» **Information**:
· · · ·

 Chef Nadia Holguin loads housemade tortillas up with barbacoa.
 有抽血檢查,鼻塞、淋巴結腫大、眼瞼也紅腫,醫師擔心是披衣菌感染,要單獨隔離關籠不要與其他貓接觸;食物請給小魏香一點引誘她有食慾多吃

· · · ·

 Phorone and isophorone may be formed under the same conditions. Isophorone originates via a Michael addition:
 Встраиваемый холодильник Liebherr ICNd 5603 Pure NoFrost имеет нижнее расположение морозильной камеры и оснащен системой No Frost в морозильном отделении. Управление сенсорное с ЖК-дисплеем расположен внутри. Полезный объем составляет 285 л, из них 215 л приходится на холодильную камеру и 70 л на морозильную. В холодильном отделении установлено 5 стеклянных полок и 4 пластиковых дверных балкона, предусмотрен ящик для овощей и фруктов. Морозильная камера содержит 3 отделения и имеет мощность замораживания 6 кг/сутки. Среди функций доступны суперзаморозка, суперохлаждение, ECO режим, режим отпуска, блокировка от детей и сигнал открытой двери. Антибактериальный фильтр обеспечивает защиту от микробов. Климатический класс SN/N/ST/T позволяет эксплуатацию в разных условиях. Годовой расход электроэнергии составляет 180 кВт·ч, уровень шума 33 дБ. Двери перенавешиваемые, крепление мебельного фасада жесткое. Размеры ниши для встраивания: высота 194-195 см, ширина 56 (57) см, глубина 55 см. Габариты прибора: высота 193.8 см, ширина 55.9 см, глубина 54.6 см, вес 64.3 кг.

· · · ·

Within the material above, output exactly the lines from the one with "Phorone and isophorone" through the one with "Встраиваемый холодильник Liebherr", end lines included, and nothing besides.

» **Written answer**:
 Phorone and isophorone may be formed under the same conditions. Isophorone originates via a Michael addition:
 Встраиваемый холодильник Liebherr ICNd 5603 Pure NoFrost имеет нижнее расположение морозильной камеры и оснащен системой No Frost в морозильном отделении. Управление сенсорное с ЖК-дисплеем расположен внутри. Полезный объем составляет 285 л, из них 215 л приходится на холодильную камеру и 70 л на морозильную. В холодильном отделении установлено 5 стеклянных полок и 4 пластиковых дверных балкона, предусмотрен ящик для овощей и фруктов. Морозильная камера содержит 3 отделения и имеет мощность замораживания 6 кг/сутки. Среди функций доступны суперзаморозка, суперохлаждение, ECO режим, режим отпуска, блокировка от детей и сигнал открытой двери. Антибактериальный фильтр обеспечивает защиту от микробов. Климатический класс SN/N/ST/T позволяет эксплуатацию в разных условиях. Годовой расход электроэнергии составляет 180 кВт·ч, уровень шума 33 дБ. Двери перенавешиваемые, крепление мебельного фасада жесткое. Размеры ниши для встраивания: высота 194-195 см, ширина 56 (57) см, глубина 55 см. Габариты прибора: высота 193.8 см, ширина 55.9 см, глубина 54.6 см, вес 64.3 кг.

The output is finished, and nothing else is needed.